Work to be completed:
Down to the last line below, write out every line exactly, starting with the one that contains "CRUX x Marshmello" and leaving out the pictures.
########################################
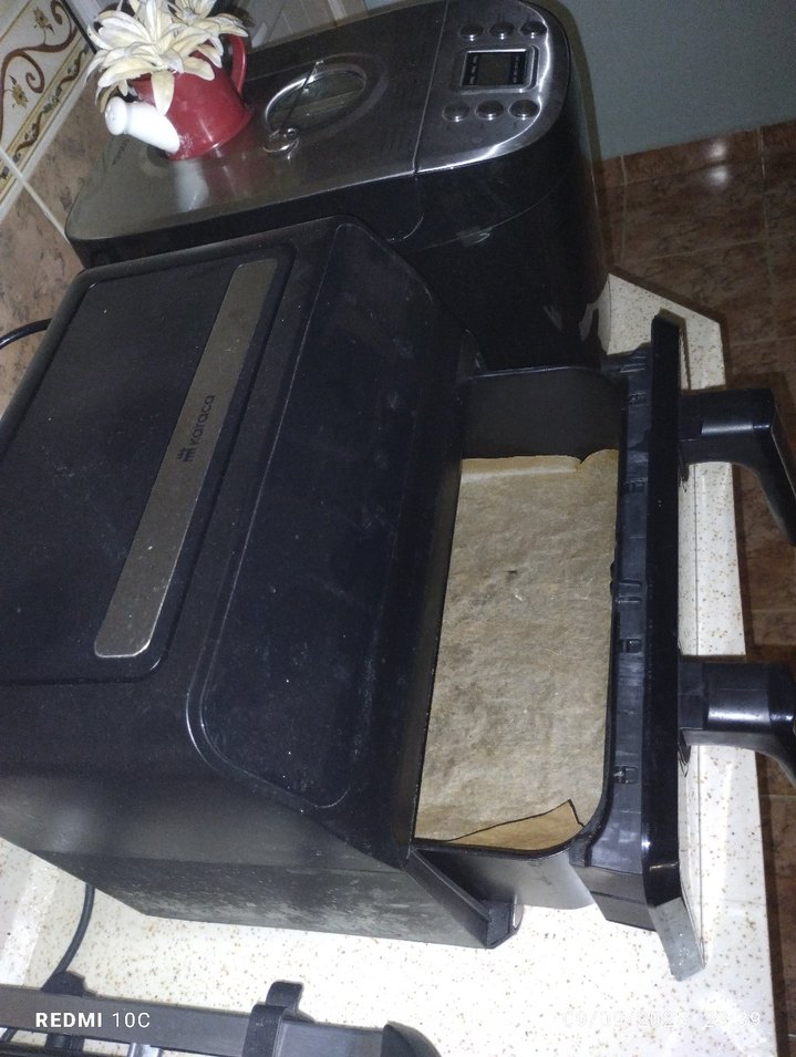 Kahverengi elektrikli ızgara ve fritöz, çıkarılabilir tepsi ve dijital kontrol paneli ile kolay kullanım sağlar.
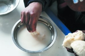 一名學(xué)生正在享用饅頭蘸奶茶午餐。天氣冷,熱水又少,學(xué)生們不常洗手
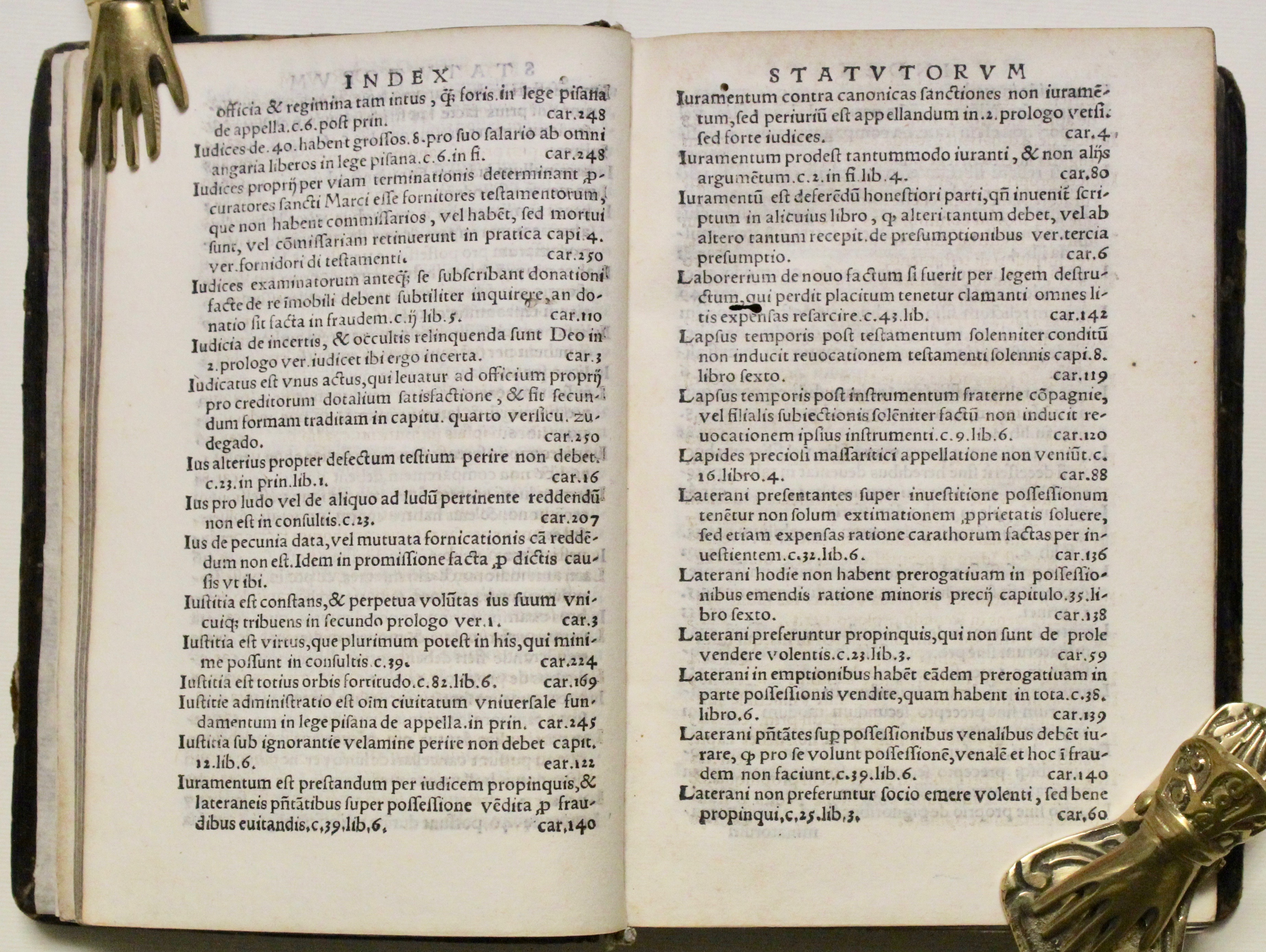 Frontespizio con leone marciano in legno e piccolo timbro di possesso al margine inferiore. Etichetta con ex libris all’interno del piatto anteriore. Legatura coeva in piena pelle con impressioni a secco, tagli scuri, tracce di fermagli in metallo. L’indice con cui inizia l’opera fu redatto da Andrea Trevisano. Gli statuta sono in latino con testo a fronte in volgare veneto. Esemplare in ottimo stato di conservazione. Legatura con tracce del tempo. Piccolo restauro conservativo alle cuffie.
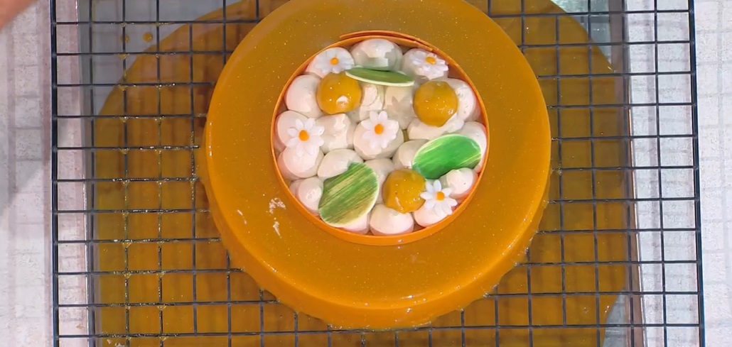 Panna cotta: in una ciotola, mescoliamo la panna calda con il cioccolato biondo fuso. Uniamo il glucosio e la gelatina sciolta. Versiamo il composto all’interno di uno stampo del diametro inferiore alla torta finale e congeliamo.
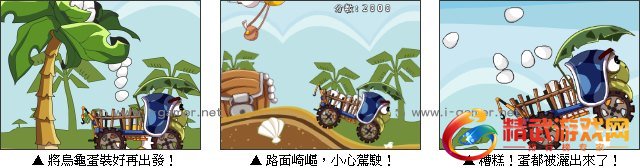 又到了乌龟的生产季节,树上有好多的乌龟蛋等着被运送。玩家要控制卡车将所有的乌龟蛋安全运到目的地即可过关,注意沿路地面颠坡可别把蛋摔破了,现在就快来挑战看看吧!
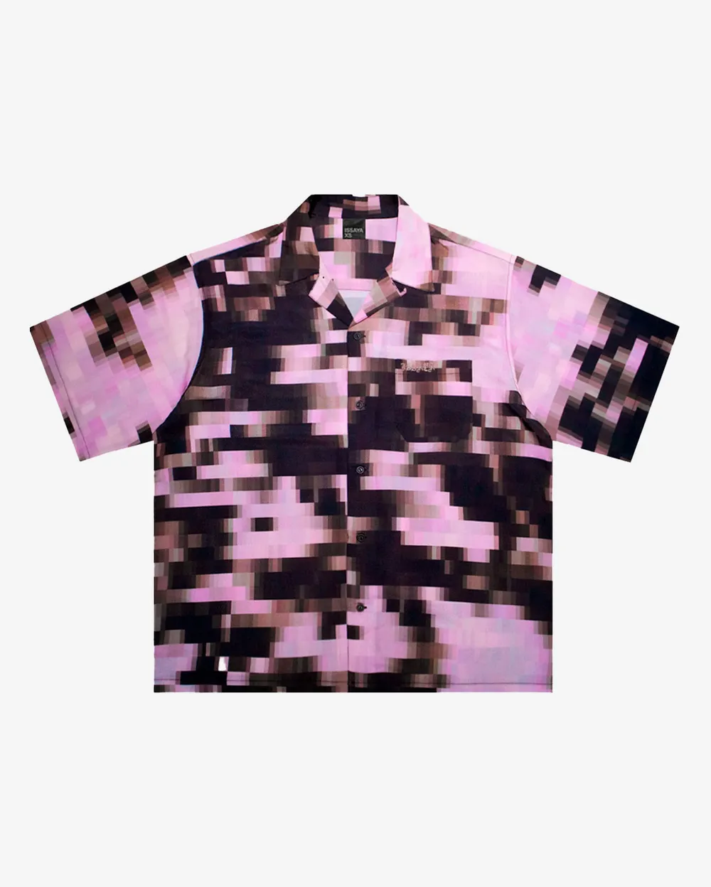 Рубашка выполнена из легкой смесовой ткани: быстросохнущая, практически не мнется. Цифровая печать. Оверсайз фит. Матовые пуговицы. Брендинг в виде вышивки.
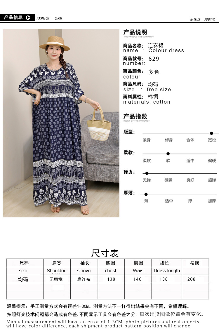 Женское летнее платье большого размера женская юбка длинная юбка рыхлое ретро туристическое платье азиатская юбка
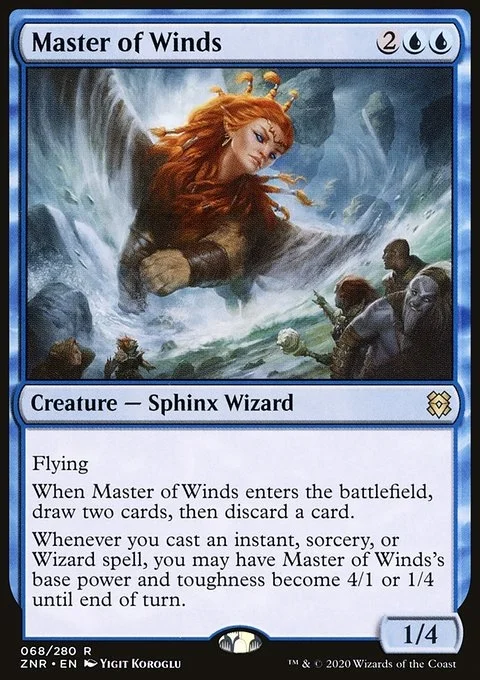 Flying When Master of Winds enters the battlefield, draw two cards, then discard a card. Whenever you cast an instant, sorcery, or Wizard spell, you may have Master of Winds's base power and toughness become 4/1 or 1/4 until end of turn.
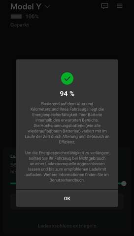 Batterie SOH laut dem Test am 10.10.25 beträgt noch 94%, siehe Bild
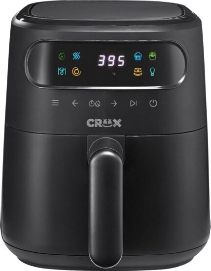 CRUX x Marshmello 3.0 QT Digital Air Fryer with TurboCrisp Technology, Touch Screen Temperature Control, Timer and Auto Shut-off, Fully Programmable, Silicone Cupcake Molds Included, Black
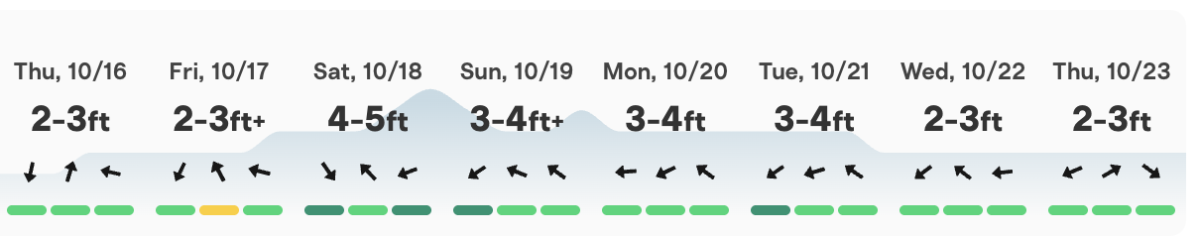 According to the specialized website Surfline, the sea will start out shallow (by El Rosario standards) with 1 to 3 feet of water on October 16 and good conditions, then gradually rise.
########################################
Result:
 CRUX x Marshmello 3.0 QT Digital Air Fryer with TurboCrisp Technology, Touch Screen Temperature Control, Timer and Auto Shut-off, Fully Programmable, Silicone Cupcake Molds Included, Black
 According to the specialized website Surfline, the sea will start out shallow (by El Rosario standards) with 1 to 3 feet of water on October 16 and good conditions, then gradually rise.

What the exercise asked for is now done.